On Monday 06 June 2005 01:16, Steve Baker wrote:
> Gregor Mückl wrote:
> > The
> > getCameraRay function should produce a starting point and a ray direction
> > for a ray emerging at the camera position in 3d coordinates and going
> > through the point that the user selected in the 2d projection n screen.
> > This function fails as soon as the view gets rotated.
>
> When you say 'fails' - does it core-dump or just produce bad results?
>

It produces bad results - a crash would be far more trivial to debug :-)

> Assuming it just produces bad results - then in all likelyhood, it is
> one of two things:
>
> * You are concatenating matrices in the wrong order (this works just
>    fine when all you have are translations - but screws up badly when
>    you rotate).
>

I'm sure that this is not an issue (I did have a couple of bugs related to 
that, but once I found one I did a complete review).

> * You are somehow creating your matrix from Euler rotation angles
>    and you are concatenating those rotations in the wrong order.
>    Once again, things would only go wrong when you rotated...but this
>    error tends to be more subtle because rotating around any ONE axis
>    would work - and rotation about two or more axes would produce
>    subtle errors for small angles of rotation that grow rapidly as
>    the angles get larger.
>

Hm... I only see the deviation when I start to rotate the camera around the 
local x- and y-axes. rotations around the local z-axis are fine as are 
translations along all three axes.

This is quite close to what I actually see here. But I'm not usin Euler angles 
to construct the full modelview matrix. I'm converting mouse movements to 
angles in camera-local coordinates and construct rotational matrices from 
them, which I then multiply with existing modelview matrix to get the new 
one. Even after a couple of rotations and translations the result is 
remarkably stable and deviates little from a perfectly orthogonal matrix.

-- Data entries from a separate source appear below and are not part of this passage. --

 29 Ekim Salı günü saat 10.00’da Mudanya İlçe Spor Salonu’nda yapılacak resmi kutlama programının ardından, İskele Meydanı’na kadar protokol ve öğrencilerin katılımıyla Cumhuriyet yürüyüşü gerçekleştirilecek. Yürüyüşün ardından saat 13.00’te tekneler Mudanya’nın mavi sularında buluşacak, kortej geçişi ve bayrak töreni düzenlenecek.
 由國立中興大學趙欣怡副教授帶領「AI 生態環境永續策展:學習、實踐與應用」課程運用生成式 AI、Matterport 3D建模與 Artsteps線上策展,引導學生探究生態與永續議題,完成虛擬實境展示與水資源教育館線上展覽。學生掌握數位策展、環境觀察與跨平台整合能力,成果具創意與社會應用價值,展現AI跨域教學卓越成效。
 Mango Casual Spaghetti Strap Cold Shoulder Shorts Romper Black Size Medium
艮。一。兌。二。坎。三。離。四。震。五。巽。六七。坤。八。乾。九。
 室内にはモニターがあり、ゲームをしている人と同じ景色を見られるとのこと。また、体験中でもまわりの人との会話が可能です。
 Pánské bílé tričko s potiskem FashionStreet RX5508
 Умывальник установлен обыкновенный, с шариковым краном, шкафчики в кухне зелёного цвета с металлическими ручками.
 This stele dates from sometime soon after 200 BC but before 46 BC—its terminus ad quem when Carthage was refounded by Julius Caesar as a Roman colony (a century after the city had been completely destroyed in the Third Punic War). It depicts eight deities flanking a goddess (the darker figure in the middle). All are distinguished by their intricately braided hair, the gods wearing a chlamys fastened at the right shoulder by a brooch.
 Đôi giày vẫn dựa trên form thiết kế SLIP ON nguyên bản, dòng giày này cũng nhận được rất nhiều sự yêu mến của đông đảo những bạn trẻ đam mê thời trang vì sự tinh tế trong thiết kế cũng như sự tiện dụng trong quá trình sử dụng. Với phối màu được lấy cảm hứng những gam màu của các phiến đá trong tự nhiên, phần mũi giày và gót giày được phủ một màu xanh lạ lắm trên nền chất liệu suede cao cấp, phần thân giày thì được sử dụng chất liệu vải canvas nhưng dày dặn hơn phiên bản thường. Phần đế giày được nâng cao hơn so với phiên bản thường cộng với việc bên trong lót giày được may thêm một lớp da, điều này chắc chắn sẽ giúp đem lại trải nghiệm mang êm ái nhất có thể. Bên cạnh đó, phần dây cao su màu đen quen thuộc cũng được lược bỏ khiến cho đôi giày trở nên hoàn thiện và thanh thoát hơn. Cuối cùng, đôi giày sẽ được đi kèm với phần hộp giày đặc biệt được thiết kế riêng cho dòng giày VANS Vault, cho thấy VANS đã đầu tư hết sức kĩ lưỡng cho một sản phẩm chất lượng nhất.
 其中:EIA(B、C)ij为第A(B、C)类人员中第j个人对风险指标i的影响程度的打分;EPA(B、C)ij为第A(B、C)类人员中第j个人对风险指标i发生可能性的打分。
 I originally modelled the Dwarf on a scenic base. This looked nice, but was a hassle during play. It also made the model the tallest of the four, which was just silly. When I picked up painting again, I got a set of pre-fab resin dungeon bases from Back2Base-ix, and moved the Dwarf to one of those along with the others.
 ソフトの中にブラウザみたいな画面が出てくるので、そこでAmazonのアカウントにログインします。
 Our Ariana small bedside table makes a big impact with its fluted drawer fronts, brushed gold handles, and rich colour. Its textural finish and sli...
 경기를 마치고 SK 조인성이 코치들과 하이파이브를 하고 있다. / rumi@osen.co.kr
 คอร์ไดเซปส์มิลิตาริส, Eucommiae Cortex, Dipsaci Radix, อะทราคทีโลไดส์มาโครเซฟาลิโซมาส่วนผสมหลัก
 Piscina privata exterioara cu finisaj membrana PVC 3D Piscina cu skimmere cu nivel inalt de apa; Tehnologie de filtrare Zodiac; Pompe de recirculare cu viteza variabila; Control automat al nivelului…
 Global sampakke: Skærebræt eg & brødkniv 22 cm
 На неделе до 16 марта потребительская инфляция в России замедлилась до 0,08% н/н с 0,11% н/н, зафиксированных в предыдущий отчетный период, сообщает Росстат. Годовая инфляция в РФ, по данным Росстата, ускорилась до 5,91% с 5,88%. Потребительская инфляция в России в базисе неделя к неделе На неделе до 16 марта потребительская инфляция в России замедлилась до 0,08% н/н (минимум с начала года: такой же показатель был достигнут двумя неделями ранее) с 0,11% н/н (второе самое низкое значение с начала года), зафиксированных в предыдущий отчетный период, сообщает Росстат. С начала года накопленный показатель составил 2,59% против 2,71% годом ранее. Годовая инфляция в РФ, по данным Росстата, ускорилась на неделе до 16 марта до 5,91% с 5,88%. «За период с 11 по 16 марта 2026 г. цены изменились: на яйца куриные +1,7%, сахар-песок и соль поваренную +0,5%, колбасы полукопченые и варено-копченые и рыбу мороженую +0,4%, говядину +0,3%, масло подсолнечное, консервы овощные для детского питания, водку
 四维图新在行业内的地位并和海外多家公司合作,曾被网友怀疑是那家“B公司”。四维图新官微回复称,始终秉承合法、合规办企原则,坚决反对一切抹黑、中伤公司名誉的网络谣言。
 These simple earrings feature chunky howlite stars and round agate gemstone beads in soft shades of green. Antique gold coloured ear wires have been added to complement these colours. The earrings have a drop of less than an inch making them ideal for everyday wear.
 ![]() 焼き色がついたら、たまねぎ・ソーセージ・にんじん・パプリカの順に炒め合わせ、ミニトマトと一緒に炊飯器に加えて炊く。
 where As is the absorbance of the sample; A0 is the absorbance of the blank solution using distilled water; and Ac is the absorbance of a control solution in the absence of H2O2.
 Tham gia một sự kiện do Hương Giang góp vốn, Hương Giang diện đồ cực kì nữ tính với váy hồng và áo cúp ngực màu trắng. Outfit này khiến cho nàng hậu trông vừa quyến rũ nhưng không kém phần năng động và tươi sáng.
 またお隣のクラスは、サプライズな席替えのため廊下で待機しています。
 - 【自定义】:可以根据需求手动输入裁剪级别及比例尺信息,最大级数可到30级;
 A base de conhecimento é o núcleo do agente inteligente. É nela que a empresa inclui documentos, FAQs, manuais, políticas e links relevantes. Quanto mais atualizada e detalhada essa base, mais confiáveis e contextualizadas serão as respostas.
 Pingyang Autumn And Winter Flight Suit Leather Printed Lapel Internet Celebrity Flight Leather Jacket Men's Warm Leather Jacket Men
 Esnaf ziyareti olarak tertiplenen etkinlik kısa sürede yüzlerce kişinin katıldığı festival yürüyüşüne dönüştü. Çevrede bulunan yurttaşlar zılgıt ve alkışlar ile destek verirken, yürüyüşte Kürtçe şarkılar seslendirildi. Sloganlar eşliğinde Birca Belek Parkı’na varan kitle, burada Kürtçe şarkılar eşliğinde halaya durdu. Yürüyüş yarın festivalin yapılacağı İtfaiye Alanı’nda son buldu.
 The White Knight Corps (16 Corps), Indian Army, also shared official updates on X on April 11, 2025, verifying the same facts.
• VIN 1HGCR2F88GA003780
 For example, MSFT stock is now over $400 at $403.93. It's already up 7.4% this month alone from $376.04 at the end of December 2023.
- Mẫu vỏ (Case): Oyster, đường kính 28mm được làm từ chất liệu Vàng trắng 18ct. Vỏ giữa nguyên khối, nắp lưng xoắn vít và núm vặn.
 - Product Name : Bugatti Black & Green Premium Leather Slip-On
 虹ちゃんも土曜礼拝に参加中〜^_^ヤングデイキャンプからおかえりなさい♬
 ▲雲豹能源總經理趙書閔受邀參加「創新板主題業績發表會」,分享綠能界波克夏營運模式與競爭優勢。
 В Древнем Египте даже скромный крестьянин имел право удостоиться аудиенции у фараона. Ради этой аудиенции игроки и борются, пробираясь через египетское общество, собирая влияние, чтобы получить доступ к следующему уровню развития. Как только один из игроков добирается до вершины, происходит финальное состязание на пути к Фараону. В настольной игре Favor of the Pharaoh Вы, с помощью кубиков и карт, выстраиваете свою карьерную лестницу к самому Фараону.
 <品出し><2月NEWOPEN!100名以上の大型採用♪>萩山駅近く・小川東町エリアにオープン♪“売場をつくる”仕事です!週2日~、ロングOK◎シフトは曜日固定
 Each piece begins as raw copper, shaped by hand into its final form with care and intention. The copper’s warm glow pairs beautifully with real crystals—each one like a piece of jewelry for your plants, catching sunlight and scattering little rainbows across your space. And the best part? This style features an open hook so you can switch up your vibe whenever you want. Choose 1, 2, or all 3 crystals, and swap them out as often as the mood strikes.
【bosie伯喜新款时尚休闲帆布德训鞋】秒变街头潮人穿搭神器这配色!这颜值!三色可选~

But you will probably tell me now that this doesn't do the trick.

> Have you looked at the source code for gluUnproject from (say) the
> Mesa sources.  It does something very close to what you describe and
> might serve you better than writing your own code.
>

Actually, I did look at gluUnproject from the beginning and my implementation 
is functionally almost identical. Only the matrix inversion uses a different 
algorithm. The algorithm I use passed all tests I did with it so far. But I 
begin to doubt it's correctness again, although results seem to vary only by 
about 1% at the moment (which indicates a numerical stablilty issue somewhere 
in the algorithm I use). 

Anyway, the bug still shows when using gluUnproject, which doesn't help me at 
all for a change. I'm really running out of ideas about what to check next.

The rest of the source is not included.